As a part of the social agreement, a failure to comply with the obligation to pay taxes must cause inevitability of punishment with no exception. The tax administration system should be able to identify anyone who does not pay taxes and enforce them to comply, regardless of social status and income level.

It is also particularly important to ensure transparency in the goals, processes, and outcomes of tax spending. If the taxpayers understand where, how and on what government spends their taxes, and experience improvements in the surrounding environment and community, then that will ensure loyalty to the tax system and motivate future conscientious payment of taxes.

The last step towards the formation of a sustainable tax system is to reduce the human factor on the operational level.
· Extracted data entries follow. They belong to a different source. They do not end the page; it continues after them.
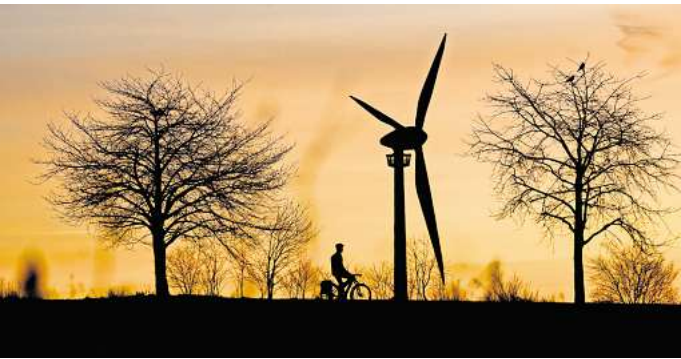
Beeinträchtigung bei der Aussicht: Viele Anwohner stören sich an Windrädern in der Aussicht an ihrem Wohnort.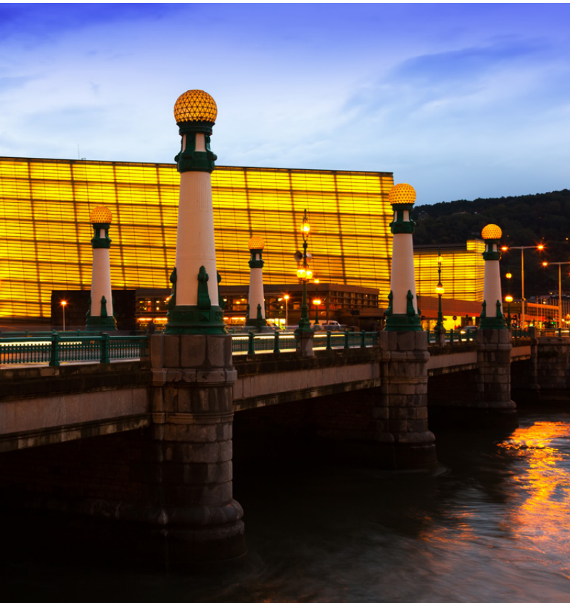
▲ KONGRESSPALAST KURSAAL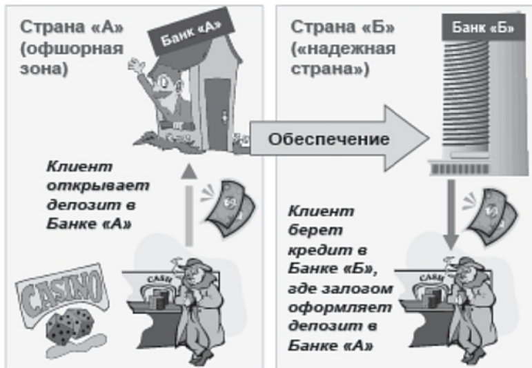
Рис. 1. Использование офшорного банка для обеспечения кредита

В соответствии с законодательством Люксембурга финансовые учреждения страны при установлении с клиентами деловых отношений обязаны идентифицировать их по официальному удостоверению личности и регистрировать. Необходимо идентифицировать и регистрировать не являющихся постоянными клиентов при совершении ими операций на сумму, превышающую установленный нормативными актами предел, а также проводить проверку, если в процессе деловых отношений возникают сомнения в личности клиента.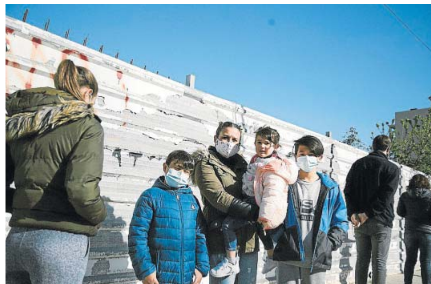
Una madre con tres niños hace cola para recoger ayuda de un banco de alimentos.

En los hospitales, aunque han vuelto a aumentar los pacientes, lo han hecho en menor medida que el lunes pasado: hay 10.447 ingresados por Covid (659 más que el viernes), de los que 2.276 se encuentran críticos en cuidados intensivos (96 más). La presión sobre las UCI se sitúa en el 22,4% de las camas ocupadas, con Madrid y La Rioja por encima del 40%. ● J. M.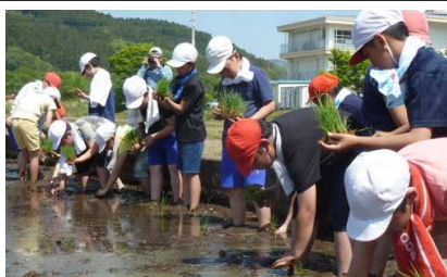
稲作体験：田植え（5/10） 【塙小学校】

今年度も、各学校で地域の皆様のご指導による体験活動を実施しています。「地域の人材活用」「本物の体験活動」「地域の方との交流」などにより、郷土を愛する心を育むとともに、地域人材の智慧に学びながら、人と人、人と地域の絆を大切に作る豊かで優しい心を育成していきます。

Full automation of the calculating and paying taxes will reduce the level of corruption in state institutions, eliminate speculation and turn tax payments into a simple, understandable process. Ideally, the automated tax system should communicate with the taxpayer directly without the human involvement of the tax inspector. All estimations and accruals should be based on the data automatically received from diverse sources, and the system should be able to recognize the violations automatically, and launch enforcement processes to eliminate them.